PROVIDED MATERIAL =>
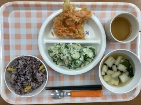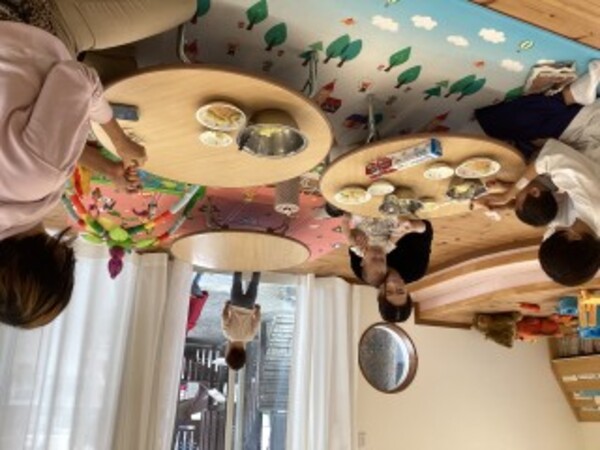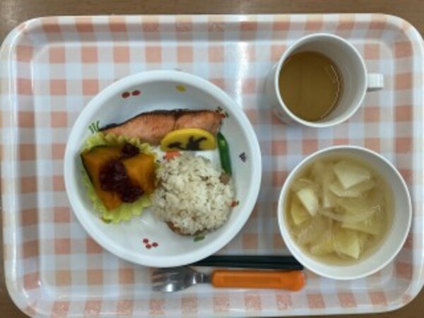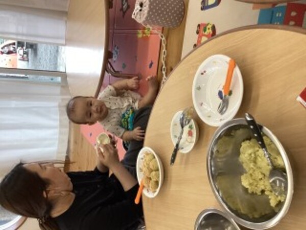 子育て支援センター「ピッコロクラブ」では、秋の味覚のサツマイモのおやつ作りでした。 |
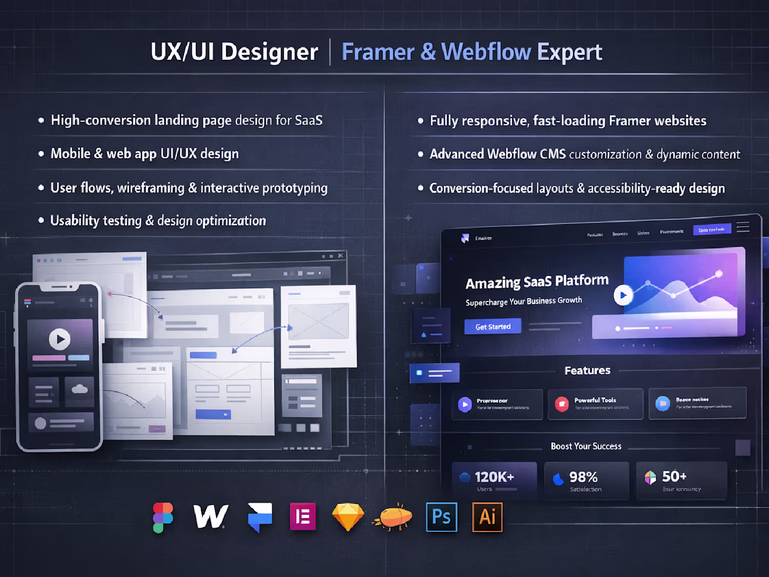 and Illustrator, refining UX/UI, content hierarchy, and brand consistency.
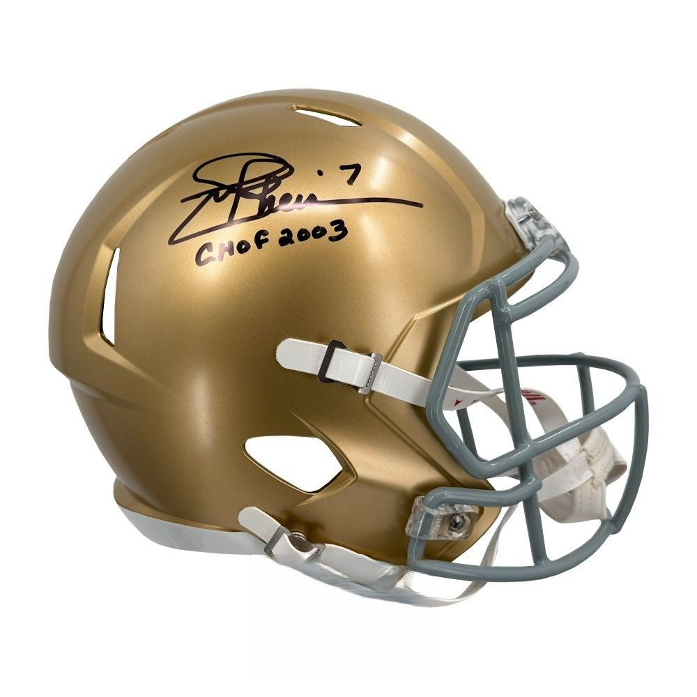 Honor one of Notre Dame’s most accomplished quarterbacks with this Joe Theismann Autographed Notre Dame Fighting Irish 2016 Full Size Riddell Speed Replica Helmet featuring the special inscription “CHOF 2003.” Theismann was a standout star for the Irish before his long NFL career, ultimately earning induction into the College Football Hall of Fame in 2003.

...

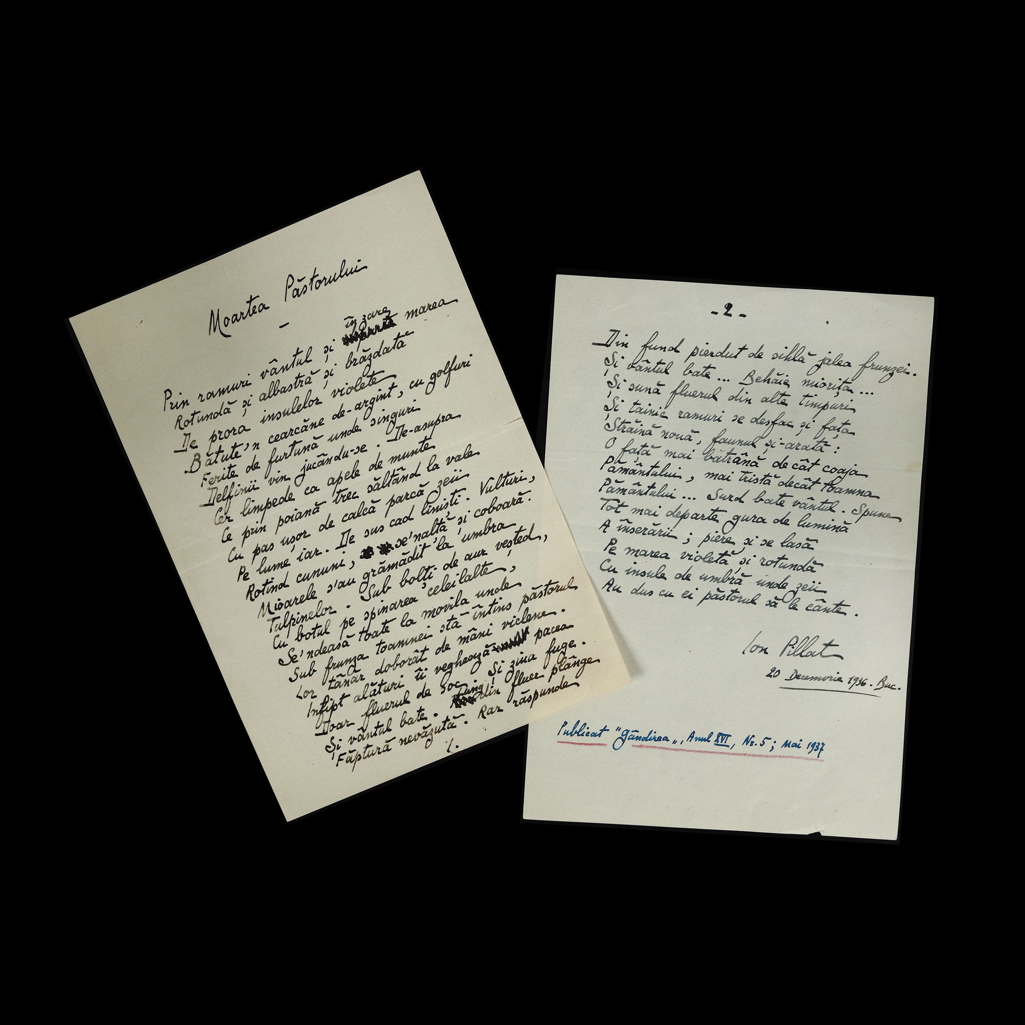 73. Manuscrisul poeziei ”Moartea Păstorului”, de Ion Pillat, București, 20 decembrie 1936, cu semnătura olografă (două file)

* * *

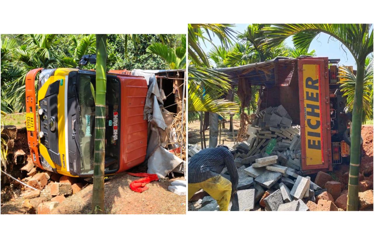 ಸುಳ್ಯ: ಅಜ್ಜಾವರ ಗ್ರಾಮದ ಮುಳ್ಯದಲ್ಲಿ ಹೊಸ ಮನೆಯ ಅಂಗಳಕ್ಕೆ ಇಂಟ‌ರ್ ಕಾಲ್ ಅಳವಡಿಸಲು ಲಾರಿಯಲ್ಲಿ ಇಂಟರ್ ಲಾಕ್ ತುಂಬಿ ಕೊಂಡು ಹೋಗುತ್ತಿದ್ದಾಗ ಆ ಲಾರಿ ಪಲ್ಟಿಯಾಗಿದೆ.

REQUIRED ACTION =>
Return exactly the lines that appear in the data above between the line containing "子育て支援センター「ピッコロ" and the line containing "Honor one of", both of which are included, and leave the pictures out.

ANSWER =>
 子育て支援センター「ピッコロクラブ」では、秋の味覚のサツマイモのおやつ作りでした。 |
 and Illustrator, refining UX/UI, content hierarchy, and brand consistency.
 Honor one of Notre Dame’s most accomplished quarterbacks with this Joe Theismann Autographed Notre Dame Fighting Irish 2016 Full Size Riddell Speed Replica Helmet featuring the special inscription “CHOF 2003.” Theismann was a standout star for the Irish before his long NFL career, ultimately earning induction into the College Football Hall of Fame in 2003.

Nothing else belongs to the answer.